For those who are otherwise blessed the receipt of such odious and unflattering emails is annoying but the spam filters seem to be putting in their hours.

On the blog front however, each comment logged each particular blog creates a notification which does not end up in the spam folder and incurs the additional work of management even though the blog commenting system might well recognise the comment as spam.

Appealing to my mental vanity

That is just one side of appealing to ones vanity, the other part came in a comment I received on my blog this morning.

As follows: Anonymous has left a new comment on your post "Thought Picnic: Vulnerability offering opportunity...":

I usually do not leave a comment, but the ideas really rocks, also I have a few questions like to ask, what's your contact details?

-Johnson

Anonymous who has signed off as Johnson probably does not have a Google blog, nor does he (if a first name) or her (if a surname) have a website they are willing to publish as part of receiving feedback for the comments they have left.
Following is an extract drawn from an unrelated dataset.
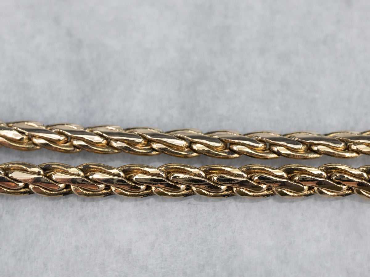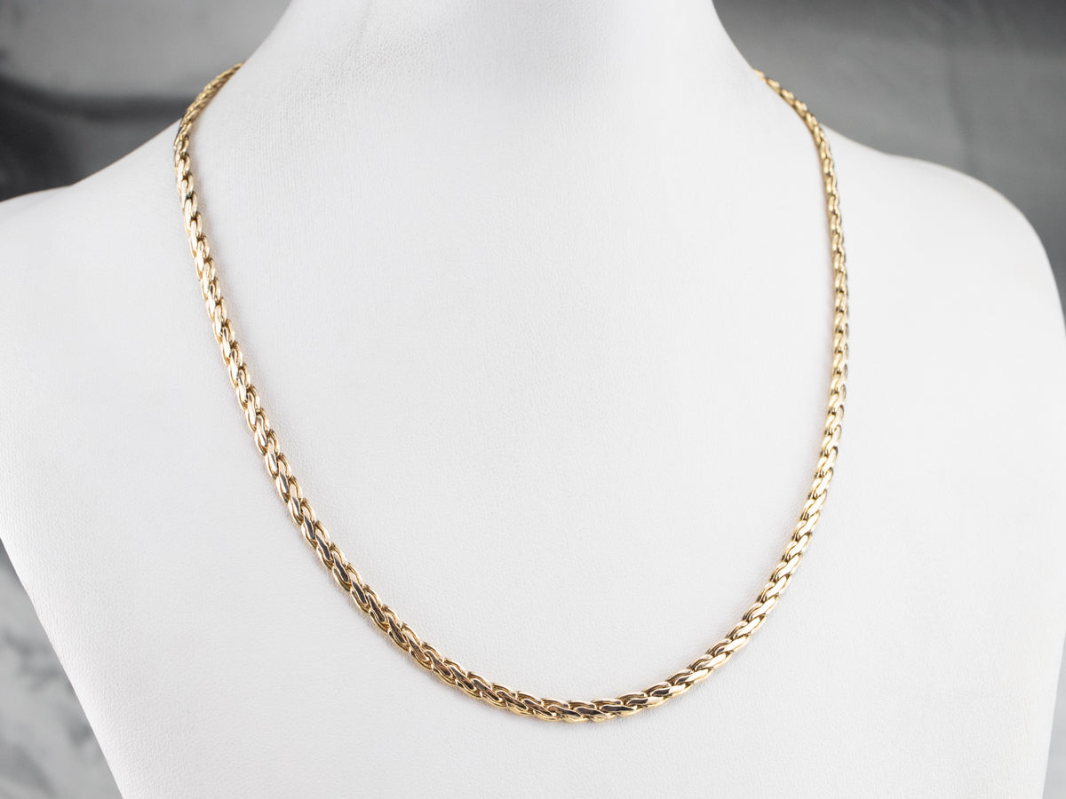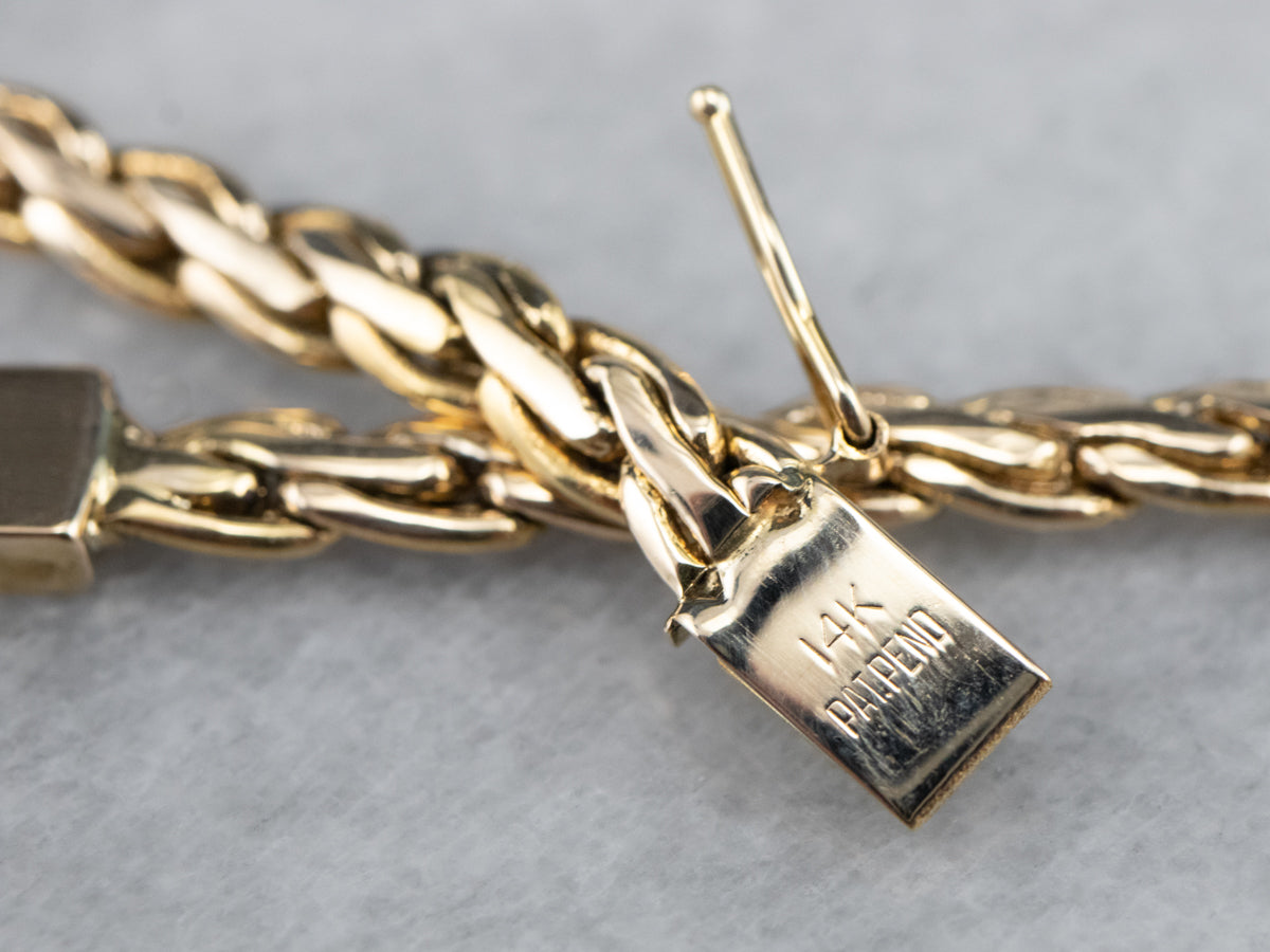 Metal: 14K Yellow Gold Width of Chain: 3.9 mm Length of Chain: 18 Inches Marks: “14K Pat. Pend” Stamped on the clasp

Comments appealing to vanity

There is probably nothing to read from the comment but the basic compliment until one has a second or third reading and then it begins to matter a lot more than it seems. This is a generic comment can be left on any and every blog with one singular aim in mind.

Indeed, one of the signs of having a following comes from people commenting on your blogs and this supposed fan rarely leaves comments but now decides to do so in the quest for something other than the views expressed in the blog.

Given that the person does offer the passing opinion masquerading as praise that “the ideas really rocks”, I am really confused about the urban language with the apparent number confusion as to the idea and the context that the person is referring to.

Having appealed to my vanity with the notion of my rocking ideas, the person has a few questions to ask, fair enough and somehow expects me with the additional request to publish my contact details in response.

One can only wonder what questions that person has to ask that cannot be put in the comments or forwarded as an email, because those details are not that difficult to get if the person does try.

Generic comments as social engineering

Between you are me, this is another classic case of social engineering; having appealed to my vanity and flattered me in some way, just as the title of the blog goes, it has provided a window of vulnerability offering the opportunity to request my contact details which I am supposed to foolishly volunteer to some non-descript stranger to ask personal questions.

It was a good try but this will not work with me and it really should not work on anyone else too, if anyone wants to engage you on matters so personal the need for full-disclosure is paramount and it should be initiated by the enquirer and not by you.

Otherwise, this is just another case of Johnson probably leaving a similar generic comment on as many blogs as he/she can to harvest details for some nefarious activity beyond which the victim has little control.

Beware of the flattery that leaves you vulnerable to volunteering information you should best keep for your protection and safety.